Animals receiving BIBW 2992 with or without radiation tolerated the drug well (body weight measured weekly as indicator of well being). Common side effects were erythema of the mouth and diarrhea as described before by Schütze et al. [16]. After an application period of approximately 73 days within the first experiment animals started to lose body weight and died or needed to be sacrificed due to reduced general condition. Therefore we reduced the BIBW 2992 dose for the local tumour control experiment to 22.5 mg/kg b.w.. For early clinical studies on systemic treatment alone (without radiotherapy) the same side effects (erythema and diarrhea) have been observed [34-36] and resemble experiences with other TK-inhibitors like gefitinib or erlotinib [37,38].

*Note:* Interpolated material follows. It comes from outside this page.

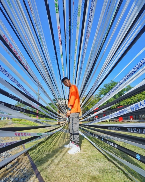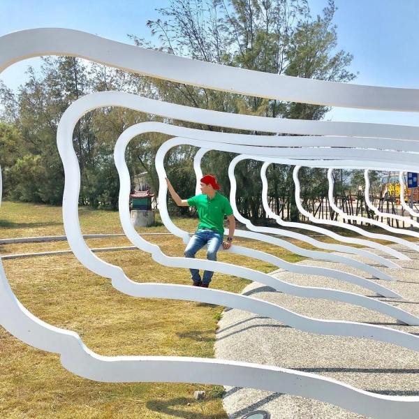 蕭壠文化園區真的是當地人的休閒天堂,糖廠改造的空間一直都是很有台南味道的遊憩景點,外圍像是公園一樣,原本的倉庫與廠房變身為各式藝術展場,特地保留的屋頂樑柱,由下而上仰望,幾何的線條在藍天中放射開來。
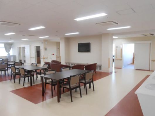 1階部分にはデイサービス、2階部分にはナチュラルカラーをベースとしたインテリアを置き、3階部分には専用ラウンジや屋上庭園もご用意!医療機関との連携もあり、安心して暮らしていただける環境です。

It can only be speculated which reasons underly the missing translation of the positive effect on tumour growth into improvement of local tumour control for TK-inhibitors in comparison to antibodies like for example cetuximab. One potential reason could still be an alternative signal transduction. Hu et al. [39] reported a cross talk of the EGFR with the insulin-like growth factor receptor (IGF1R) [39]. Incubating tumour cells with gefitinib or erlotinib led to an increased heterodimerisation of IGF1R and EGFR resulting in a pronounced IGF1R-activation and therefore amplified activation of downstream mediators [1,40,41]. In these in-vitro experiments, the induced resistance to EGFR-TKI could be overcome by IGF1R-inhibitors [1,40,41]. Independent on the biological reasons, the differential effect of BIBW 2992 on tumour proliferation versus local tumour control is finally caused by a missing net effect on cancer stem cells. This is based on the knowledge that all cancer stem cells need to be eliminated to cure a tumour and that a single surviving cancer stem cell after treatment can cause a recurrence, thus making tumour control experiments to an indirect measure of CSC survival in situ [42]. It is interesting to note that BIBW 2992 in vitro does inactivate clonogenic cells in UT-SCC-15 and UT-SCC-14 independent from the irradiation effect (Table 2). If this independent clonogenic cell kill would translate into an inactivation of cancer stem cells in vivo, one would have expected an improvement of local tumour control by the combined treatment. Reasons for the missing translation might be that BIBW 2992 and irradiation preferentially target the same tumour cell population, thus diluting the cytotoxic effect of BIBW 2992 when combining these treatments.

Conclusion

The present experiments show a heterogeneous effect of the ErbB family TK inhibitor BIBW 2992 on tumour growth in 5 different tumour models for drug application alone as well as in combination with a fractionated radiotherapy. The major effect on tumour growth in UT-SCC-15 tumours did not translate into an improvement of local tumour control. Along with previous experiments on combined fractionated irradiation and EGFR-TK inhibition, it appears likely that TKI do not affect survival of tumour cells that can cause recurrences but can lead to a good palliative effect by proloning tumour growth for a reasonable amount of time.